##### THE RECORDS #####

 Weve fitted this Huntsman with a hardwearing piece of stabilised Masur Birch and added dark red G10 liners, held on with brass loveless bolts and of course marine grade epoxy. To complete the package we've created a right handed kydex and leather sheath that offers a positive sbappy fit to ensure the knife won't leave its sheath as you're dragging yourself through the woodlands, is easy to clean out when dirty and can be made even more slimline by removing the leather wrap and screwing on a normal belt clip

#####
##### THE RECORDS #####

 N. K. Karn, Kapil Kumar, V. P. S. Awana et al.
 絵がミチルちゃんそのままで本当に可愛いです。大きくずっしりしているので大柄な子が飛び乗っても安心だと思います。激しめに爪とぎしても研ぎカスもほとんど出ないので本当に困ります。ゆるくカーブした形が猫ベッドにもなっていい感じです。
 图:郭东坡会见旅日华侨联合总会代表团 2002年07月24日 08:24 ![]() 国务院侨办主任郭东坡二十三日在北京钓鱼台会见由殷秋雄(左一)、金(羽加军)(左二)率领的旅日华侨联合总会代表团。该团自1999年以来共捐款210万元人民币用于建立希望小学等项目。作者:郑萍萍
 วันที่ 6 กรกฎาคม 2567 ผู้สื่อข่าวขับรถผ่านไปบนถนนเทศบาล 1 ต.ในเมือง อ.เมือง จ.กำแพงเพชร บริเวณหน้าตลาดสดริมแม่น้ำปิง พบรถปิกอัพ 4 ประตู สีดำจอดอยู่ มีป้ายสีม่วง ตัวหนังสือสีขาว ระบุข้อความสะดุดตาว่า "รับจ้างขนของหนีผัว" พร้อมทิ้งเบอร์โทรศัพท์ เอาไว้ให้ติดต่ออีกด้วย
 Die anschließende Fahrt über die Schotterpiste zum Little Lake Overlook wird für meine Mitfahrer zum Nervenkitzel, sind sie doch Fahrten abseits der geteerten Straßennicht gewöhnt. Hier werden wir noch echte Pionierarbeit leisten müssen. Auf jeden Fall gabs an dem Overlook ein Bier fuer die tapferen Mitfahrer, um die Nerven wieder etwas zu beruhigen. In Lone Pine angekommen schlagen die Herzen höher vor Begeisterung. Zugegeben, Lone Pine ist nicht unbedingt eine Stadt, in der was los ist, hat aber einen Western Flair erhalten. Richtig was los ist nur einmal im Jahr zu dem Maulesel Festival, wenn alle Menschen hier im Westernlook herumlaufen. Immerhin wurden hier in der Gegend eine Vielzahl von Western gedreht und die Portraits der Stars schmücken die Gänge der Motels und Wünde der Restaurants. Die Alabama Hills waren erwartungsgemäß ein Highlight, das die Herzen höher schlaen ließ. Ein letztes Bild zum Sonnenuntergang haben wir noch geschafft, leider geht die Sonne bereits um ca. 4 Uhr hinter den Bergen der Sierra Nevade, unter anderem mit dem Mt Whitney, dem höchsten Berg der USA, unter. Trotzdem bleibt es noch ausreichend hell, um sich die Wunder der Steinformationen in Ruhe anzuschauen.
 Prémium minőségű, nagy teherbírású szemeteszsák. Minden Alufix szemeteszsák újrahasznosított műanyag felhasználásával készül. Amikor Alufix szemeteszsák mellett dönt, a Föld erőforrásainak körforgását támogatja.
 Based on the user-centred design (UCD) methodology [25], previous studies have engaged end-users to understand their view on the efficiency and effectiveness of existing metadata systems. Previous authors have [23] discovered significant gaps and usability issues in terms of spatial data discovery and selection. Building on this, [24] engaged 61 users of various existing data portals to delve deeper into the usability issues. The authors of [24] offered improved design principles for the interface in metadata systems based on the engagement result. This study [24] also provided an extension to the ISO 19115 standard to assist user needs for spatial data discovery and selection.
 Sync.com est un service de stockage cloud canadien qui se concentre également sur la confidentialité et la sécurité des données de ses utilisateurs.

#####
##### THE RECORDS #####

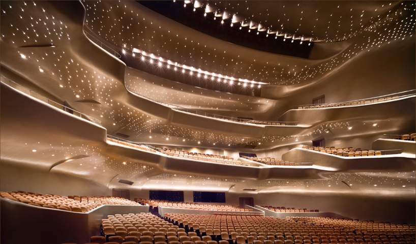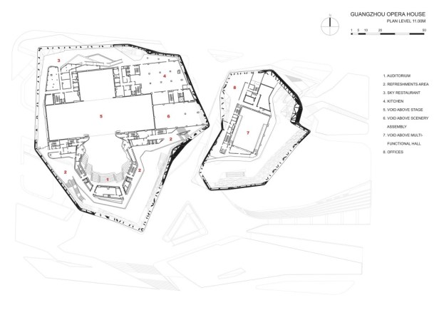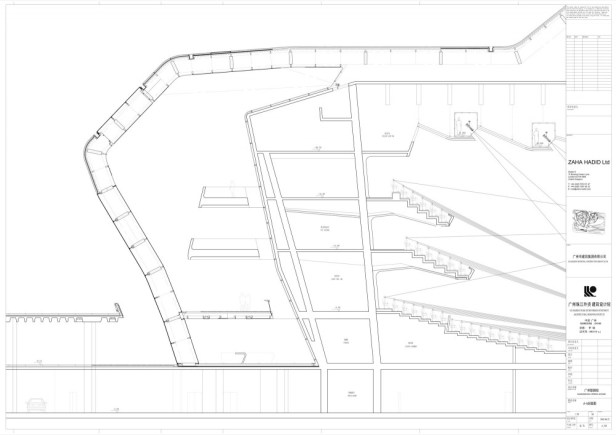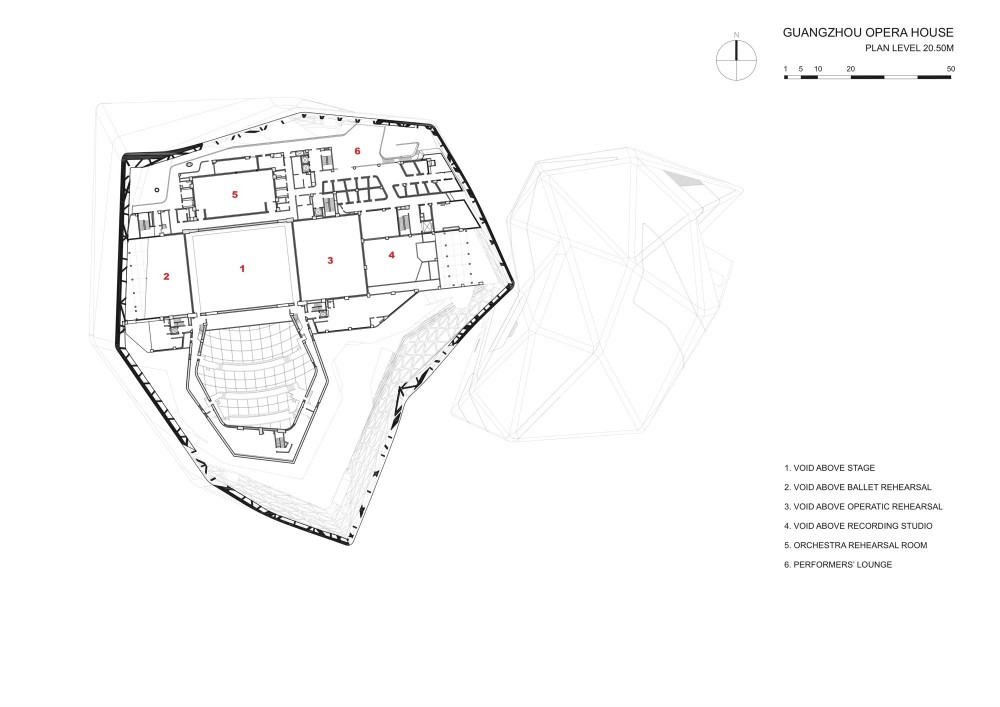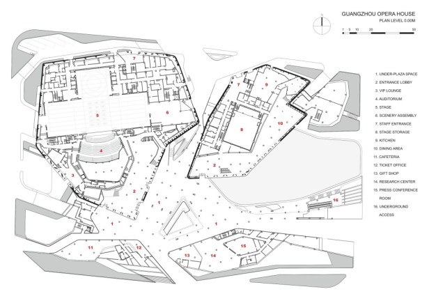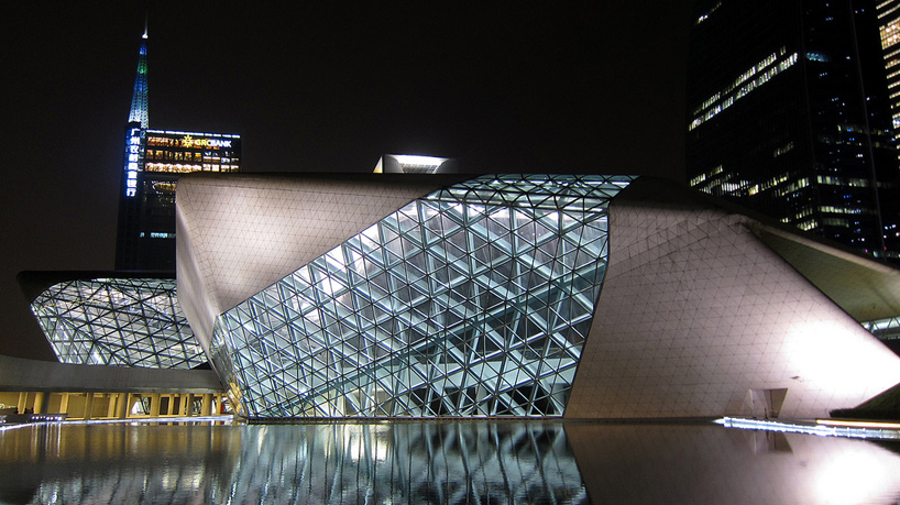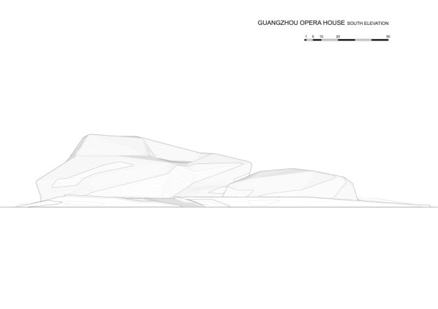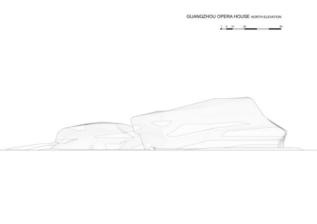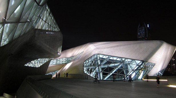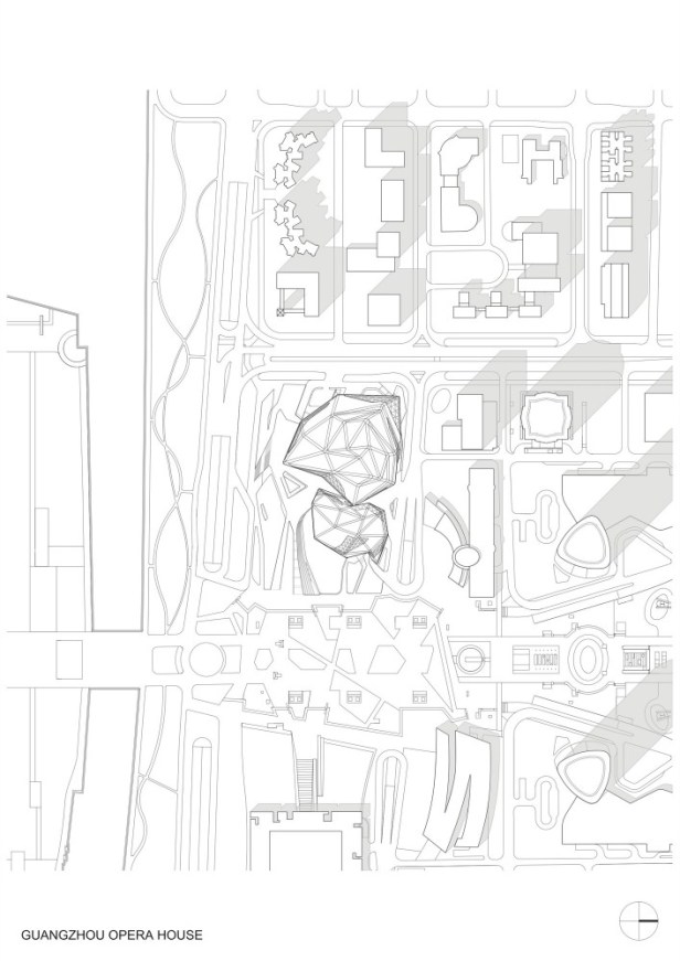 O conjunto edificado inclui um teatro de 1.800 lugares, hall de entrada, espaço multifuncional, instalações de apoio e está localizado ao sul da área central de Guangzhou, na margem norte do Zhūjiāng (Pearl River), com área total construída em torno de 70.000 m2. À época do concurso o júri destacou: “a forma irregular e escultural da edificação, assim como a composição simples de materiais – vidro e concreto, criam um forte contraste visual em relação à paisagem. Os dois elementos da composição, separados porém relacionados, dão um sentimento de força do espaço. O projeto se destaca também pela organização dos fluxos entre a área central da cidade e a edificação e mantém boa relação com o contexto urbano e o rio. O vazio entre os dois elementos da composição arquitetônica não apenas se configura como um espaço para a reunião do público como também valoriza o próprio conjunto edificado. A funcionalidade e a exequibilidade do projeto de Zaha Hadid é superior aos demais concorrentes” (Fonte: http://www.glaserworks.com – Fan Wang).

#####

WHAT TO DO: Everything above from the line containing "N. K. Karn, Kapil" down to the line containing "วันที่ 6 กรกฎาคม" should be copied exactly, both end lines included, and nothing else.

EXERCISE ANSWER:
 N. K. Karn, Kapil Kumar, V. P. S. Awana et al.
 絵がミチルちゃんそのままで本当に可愛いです。大きくずっしりしているので大柄な子が飛び乗っても安心だと思います。激しめに爪とぎしても研ぎカスもほとんど出ないので本当に困ります。ゆるくカーブした形が猫ベッドにもなっていい感じです。
 图:郭东坡会见旅日华侨联合总会代表团 2002年07月24日 08:24 ![]() 国务院侨办主任郭东坡二十三日在北京钓鱼台会见由殷秋雄(左一)、金(羽加军)(左二)率领的旅日华侨联合总会代表团。该团自1999年以来共捐款210万元人民币用于建立希望小学等项目。作者:郑萍萍
 วันที่ 6 กรกฎาคม 2567 ผู้สื่อข่าวขับรถผ่านไปบนถนนเทศบาล 1 ต.ในเมือง อ.เมือง จ.กำแพงเพชร บริเวณหน้าตลาดสดริมแม่น้ำปิง พบรถปิกอัพ 4 ประตู สีดำจอดอยู่ มีป้ายสีม่วง ตัวหนังสือสีขาว ระบุข้อความสะดุดตาว่า "รับจ้างขนของหนีผัว" พร้อมทิ้งเบอร์โทรศัพท์ เอาไว้ให้ติดต่ออีกด้วย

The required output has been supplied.